▶ What you have to do:
Return every line of the records below verbatim, with no pictures in the copy.

The data START

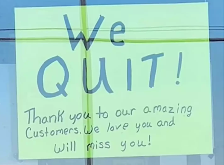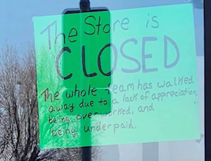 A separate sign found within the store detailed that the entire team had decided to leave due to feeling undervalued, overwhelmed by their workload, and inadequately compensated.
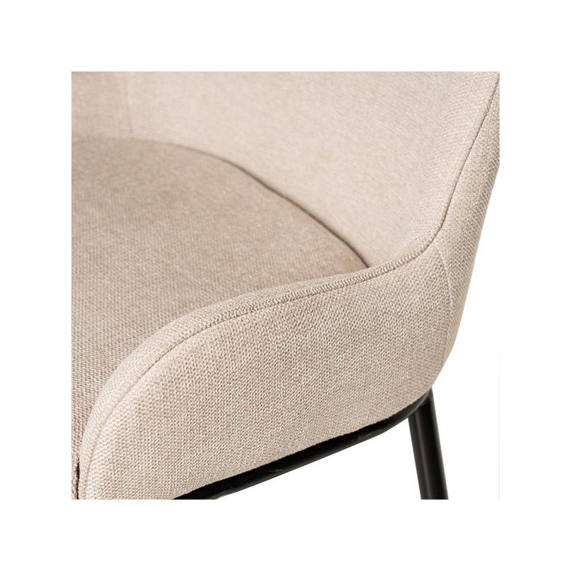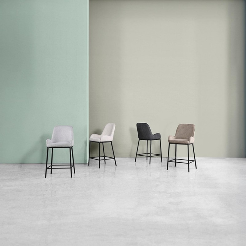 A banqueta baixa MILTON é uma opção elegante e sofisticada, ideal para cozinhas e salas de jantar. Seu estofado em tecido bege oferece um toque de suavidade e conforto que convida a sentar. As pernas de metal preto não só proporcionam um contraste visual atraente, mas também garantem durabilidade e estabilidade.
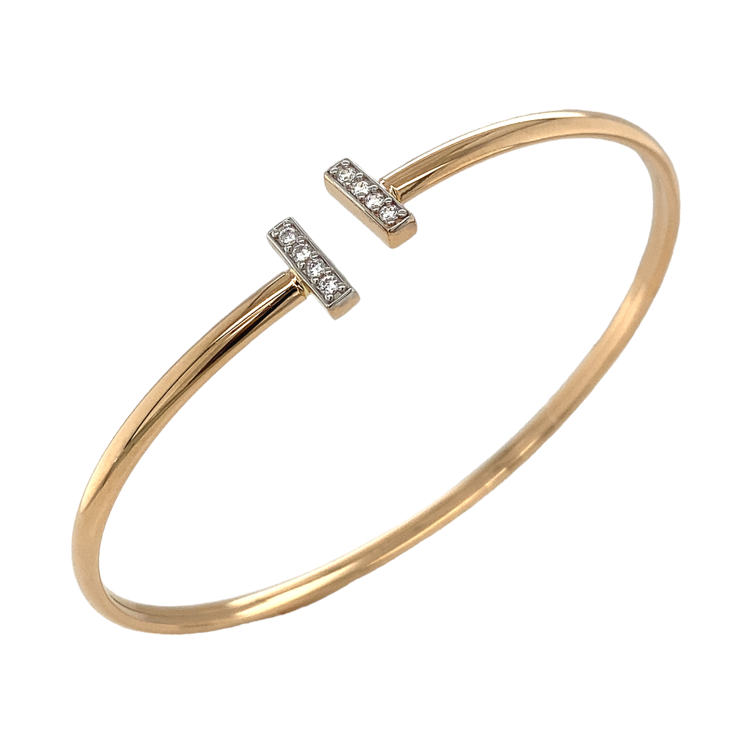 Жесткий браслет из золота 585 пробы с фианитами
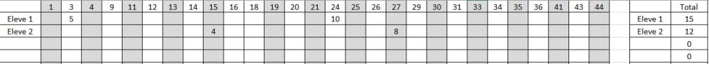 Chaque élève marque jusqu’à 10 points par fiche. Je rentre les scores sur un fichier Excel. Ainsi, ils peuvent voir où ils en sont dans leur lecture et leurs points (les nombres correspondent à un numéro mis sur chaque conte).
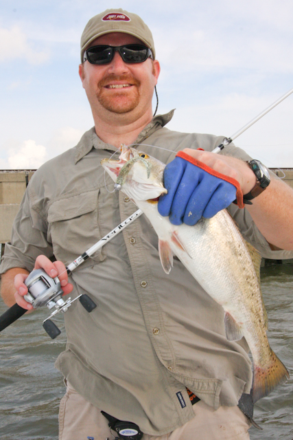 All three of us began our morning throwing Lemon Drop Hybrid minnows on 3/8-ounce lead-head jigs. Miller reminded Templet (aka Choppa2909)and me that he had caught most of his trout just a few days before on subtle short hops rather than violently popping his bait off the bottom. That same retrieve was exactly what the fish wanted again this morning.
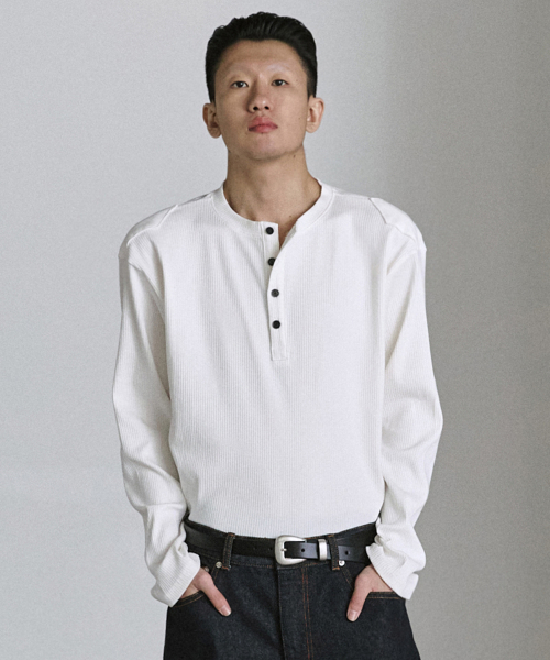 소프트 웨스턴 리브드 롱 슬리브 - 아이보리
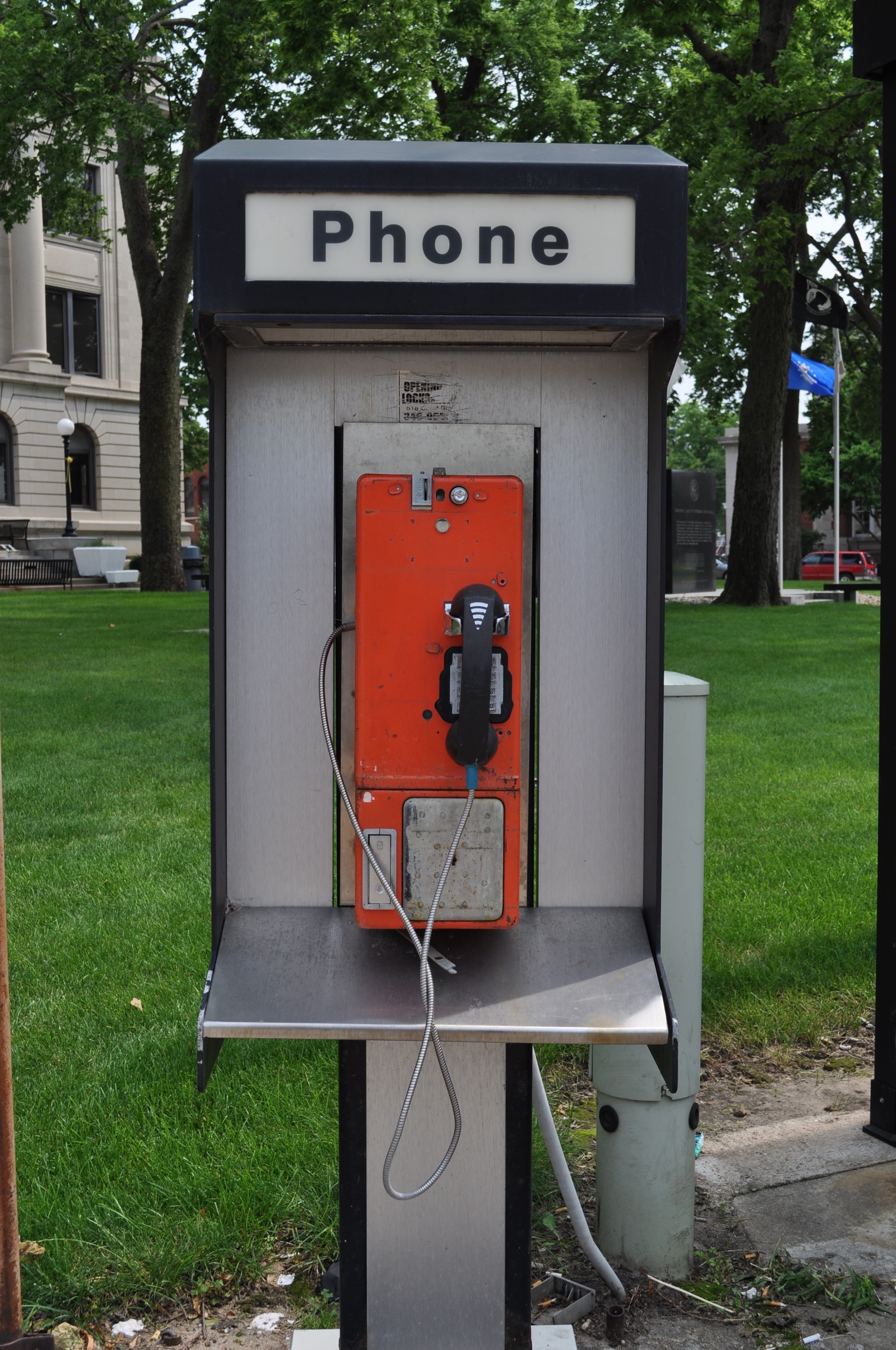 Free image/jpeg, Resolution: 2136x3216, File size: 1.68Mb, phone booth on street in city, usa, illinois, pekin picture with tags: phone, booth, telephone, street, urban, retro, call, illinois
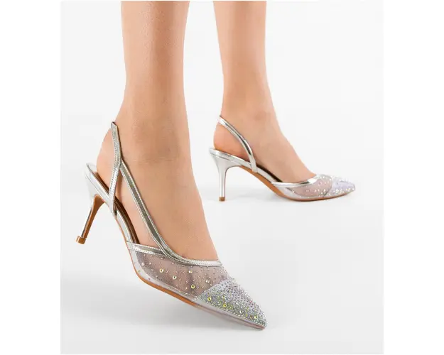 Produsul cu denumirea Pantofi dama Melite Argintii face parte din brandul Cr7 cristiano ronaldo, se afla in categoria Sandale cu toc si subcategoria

The data END

▶ Answer to this task:
 A separate sign found within the store detailed that the entire team had decided to leave due to feeling undervalued, overwhelmed by their workload, and inadequately compensated.
 A banqueta baixa MILTON é uma opção elegante e sofisticada, ideal para cozinhas e salas de jantar. Seu estofado em tecido bege oferece um toque de suavidade e conforto que convida a sentar. As pernas de metal preto não só proporcionam um contraste visual atraente, mas também garantem durabilidade e estabilidade.
 Жесткий браслет из золота 585 пробы с фианитами
 Chaque élève marque jusqu’à 10 points par fiche. Je rentre les scores sur un fichier Excel. Ainsi, ils peuvent voir où ils en sont dans leur lecture et leurs points (les nombres correspondent à un numéro mis sur chaque conte).
 All three of us began our morning throwing Lemon Drop Hybrid minnows on 3/8-ounce lead-head jigs. Miller reminded Templet (aka Choppa2909)and me that he had caught most of his trout just a few days before on subtle short hops rather than violently popping his bait off the bottom. That same retrieve was exactly what the fish wanted again this morning.
 소프트 웨스턴 리브드 롱 슬리브 - 아이보리
 Free image/jpeg, Resolution: 2136x3216, File size: 1.68Mb, phone booth on street in city, usa, illinois, pekin picture with tags: phone, booth, telephone, street, urban, retro, call, illinois
 Produsul cu denumirea Pantofi dama Melite Argintii face parte din brandul Cr7 cristiano ronaldo, se afla in categoria Sandale cu toc si subcategoria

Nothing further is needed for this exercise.